# TASK DETAILS
Please reproduce all the data exactly as written and omit the pictures.

# RECORDS FOR THIS TASK
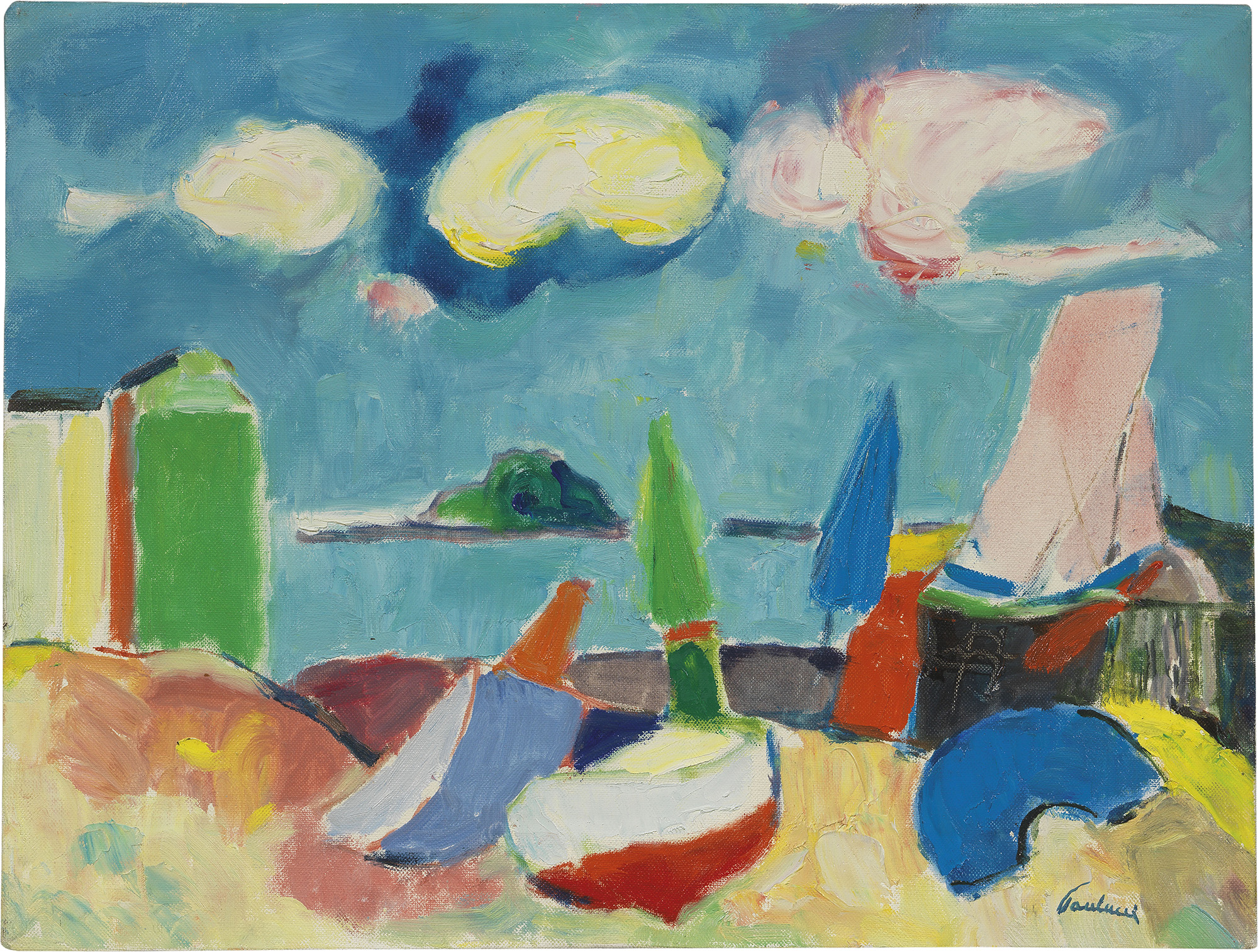 Firma in basso a destra: Paulucci; firma e titolo al verso sulla tela: Paulucci / Barche / Nuvole.
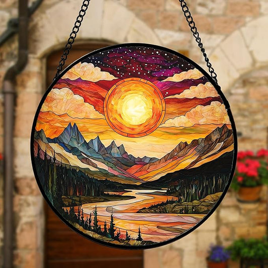 Stained Glass Window Hanging, Dusk Sunset Landscape Sun Catchers Glass Panel Lakes and Mountains Suncatcher Decor for Birthday for Women, Men, Wife, Aunt, and Mom 11.8x11.8 in
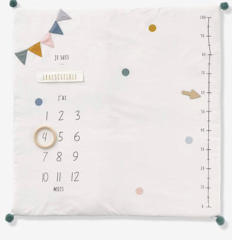 Photographiez la croissance de bébé mois après mois avec ce joli tapis de sol ! Le petit : il se personnalise ! Un anneau pour entourer l'âge, une flèche pour indiquer la taille et 6 étiquettes textiles avec des a
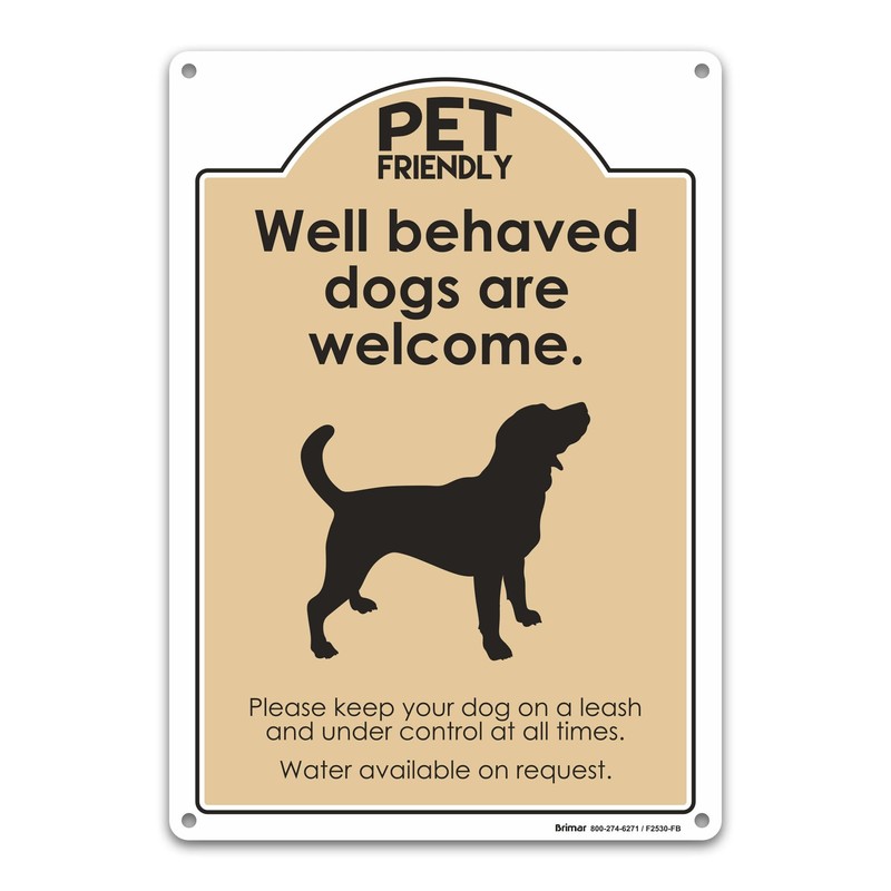 • CLEAR MESSAGE: Reads "Pet Friendly Well Behaved Dogs Are Welcome. Please Keep Your Dog On A Leash And Under Control At All Times. Water Available on Request." to inform visitors of your policies.
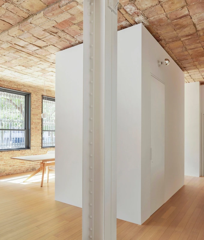 Натомість сталеві опорні колони пофарбували в білий колір, щоб вони візуально зливалися з новими внутрішніми перегородками.
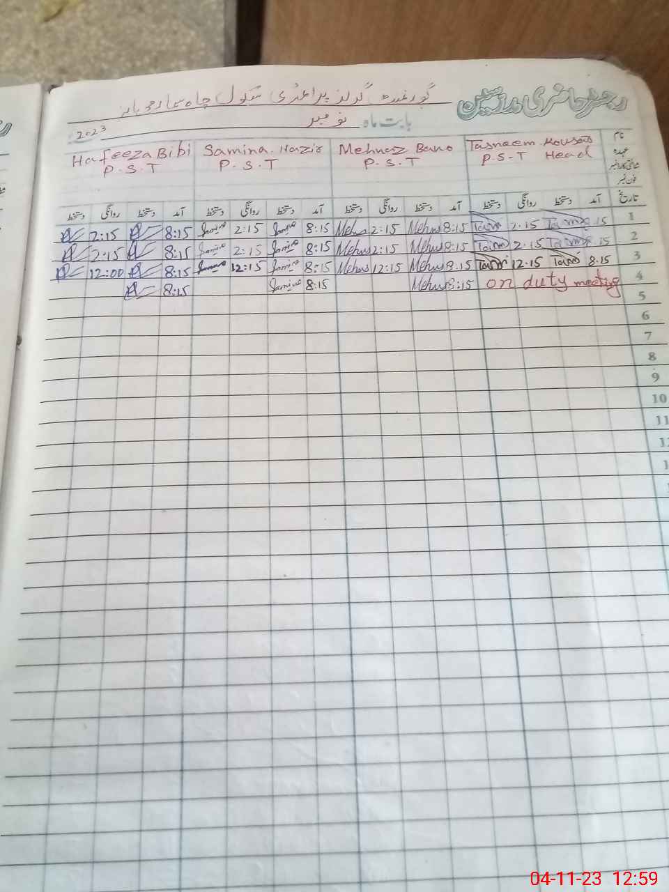 | Monitoring Date: 04-11-2023 | Start Time: 04-11-2023 12:47 PM | End Time: 04-11-2023 01:03 PM | Name of MEA: Sa**** ulHa**** | |
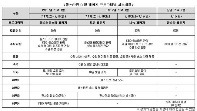 이번 올스타전 여행 상품은 올스타전 당일(18일)에만 참여가 가능한 올스타 패키지, 올스타 프라이데이(17일)와 올스타전 모두 참여할 수 있는 1박 2일 프로그램 드림 패키지(17~18일)와 나눔 패키지(18~19일), 그리고 올스타 프라이데이 및 올스타전 관람은 물론 수원 화성 관광까지 2박 3일 프로그램으로 구성된 미스터 올스타 패키지(17~19일) 등 올스타전을 만끽할 수 있는 총 네 가지 패키지로 구성되었다.
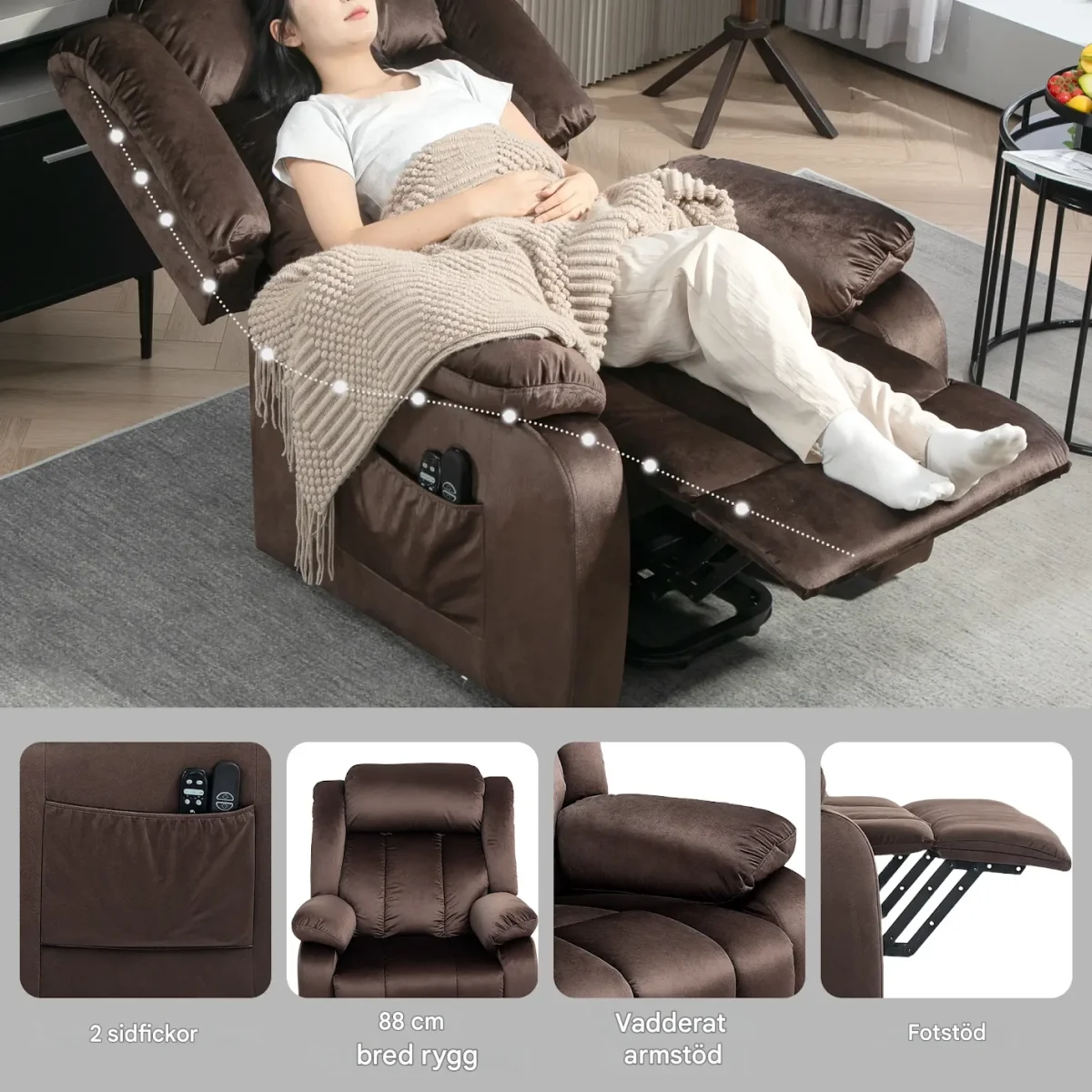 Elektrisk fåtölj med ståhjälp – idealisk för seniorer och rehabilitering Lutning upp till 150° med synkroniserat fotstöd 8 massagepunkter + värme i ländryggen med 5 program Klädd i mjuk brun sammet med tjock stoppning Inbyggda USB-portar för laddning (5V/2A) Enkel styrning med 2 fjärrkontroller Sidofickor för förvaring Max belastning: 135 kg
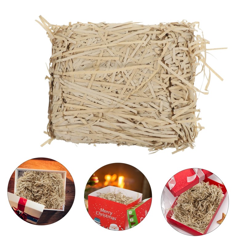 christmas boxes Used this to fill some kraft paper boxes, it went very well with that and looks nice.kraft Comes with a nice light color, it quickly adds some elegance to and packaging.faux This is a great product that goes a long way.crinkle cut fill It is a nice alternative to tissue paper for filling up spaces in a decorative way
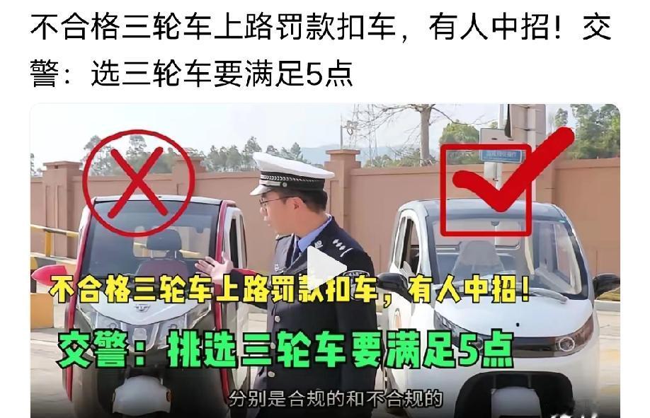 违规三轮车上路罚款扣车,有人中招!交警:买三轮车注意5点 “刚买的三轮车,开着去拉菜就被拦了,又罚款又扣车,太亏了!”最近不少街坊因买错三轮车中招,本想图个拉货、代步方便,反倒惹了麻烦。交警特意给百姓提了醒,买三轮车前记好这5点,别踩坑! 1. 先查“合规资质”,别买“三无车”。必须选有正规生产手续的,能看到3C标识和出厂合格证,没这些的车再便宜也别要,上路准被查。 2. 确认“能上牌”,无牌开不了。得选能在车管所登记上牌的车型,问清商家能不能帮办,没牌照上路肯定挨罚。 3. 驾照不能少,该考就得考。只要是用来拉货或时速超20公里的三轮车,就得有对应驾照,无证开不光罚钱,出事还担责。 4. 必买“交强险”,出事有保障。上牌前得买好交强险,这是硬性要求,没保险不光上不了牌,路上被查也得扣车。 5. 别信“随便开”,商家话术别当真。商家说“不用牌不用照”都是忽悠,自己对照要求核实,别图省事吃大亏。 买三轮车图的是方便,记好这5点,选合规车、办齐手续,才能安心用,不被罚款扣车。严查三轮电动车

# TASK SOLUTION
 Firma in basso a destra: Paulucci; firma e titolo al verso sulla tela: Paulucci / Barche / Nuvole.
 Stained Glass Window Hanging, Dusk Sunset Landscape Sun Catchers Glass Panel Lakes and Mountains Suncatcher Decor for Birthday for Women, Men, Wife, Aunt, and Mom 11.8x11.8 in
 Photographiez la croissance de bébé mois après mois avec ce joli tapis de sol ! Le petit : il se personnalise ! Un anneau pour entourer l'âge, une flèche pour indiquer la taille et 6 étiquettes textiles avec des a
 • CLEAR MESSAGE: Reads "Pet Friendly Well Behaved Dogs Are Welcome. Please Keep Your Dog On A Leash And Under Control At All Times. Water Available on Request." to inform visitors of your policies.
 Натомість сталеві опорні колони пофарбували в білий колір, щоб вони візуально зливалися з новими внутрішніми перегородками.
 | Monitoring Date: 04-11-2023 | Start Time: 04-11-2023 12:47 PM | End Time: 04-11-2023 01:03 PM | Name of MEA: Sa**** ulHa**** | |
 이번 올스타전 여행 상품은 올스타전 당일(18일)에만 참여가 가능한 올스타 패키지, 올스타 프라이데이(17일)와 올스타전 모두 참여할 수 있는 1박 2일 프로그램 드림 패키지(17~18일)와 나눔 패키지(18~19일), 그리고 올스타 프라이데이 및 올스타전 관람은 물론 수원 화성 관광까지 2박 3일 프로그램으로 구성된 미스터 올스타 패키지(17~19일) 등 올스타전을 만끽할 수 있는 총 네 가지 패키지로 구성되었다.
 Elektrisk fåtölj med ståhjälp – idealisk för seniorer och rehabilitering Lutning upp till 150° med synkroniserat fotstöd 8 massagepunkter + värme i ländryggen med 5 program Klädd i mjuk brun sammet med tjock stoppning Inbyggda USB-portar för laddning (5V/2A) Enkel styrning med 2 fjärrkontroller Sidofickor för förvaring Max belastning: 135 kg
 christmas boxes Used this to fill some kraft paper boxes, it went very well with that and looks nice.kraft Comes with a nice light color, it quickly adds some elegance to and packaging.faux This is a great product that goes a long way.crinkle cut fill It is a nice alternative to tissue paper for filling up spaces in a decorative way
 违规三轮车上路罚款扣车,有人中招!交警:买三轮车注意5点 “刚买的三轮车,开着去拉菜就被拦了,又罚款又扣车,太亏了!”最近不少街坊因买错三轮车中招,本想图个拉货、代步方便,反倒惹了麻烦。交警特意给百姓提了醒,买三轮车前记好这5点,别踩坑! 1. 先查“合规资质”,别买“三无车”。必须选有正规生产手续的,能看到3C标识和出厂合格证,没这些的车再便宜也别要,上路准被查。 2. 确认“能上牌”,无牌开不了。得选能在车管所登记上牌的车型,问清商家能不能帮办,没牌照上路肯定挨罚。 3. 驾照不能少,该考就得考。只要是用来拉货或时速超20公里的三轮车,就得有对应驾照,无证开不光罚钱,出事还担责。 4. 必买“交强险”,出事有保障。上牌前得买好交强险,这是硬性要求,没保险不光上不了牌,路上被查也得扣车。 5. 别信“随便开”,商家话术别当真。商家说“不用牌不用照”都是忽悠,自己对照要求核实,别图省事吃大亏。 买三轮车图的是方便,记好这5点,选合规车、办齐手续,才能安心用,不被罚款扣车。严查三轮电动车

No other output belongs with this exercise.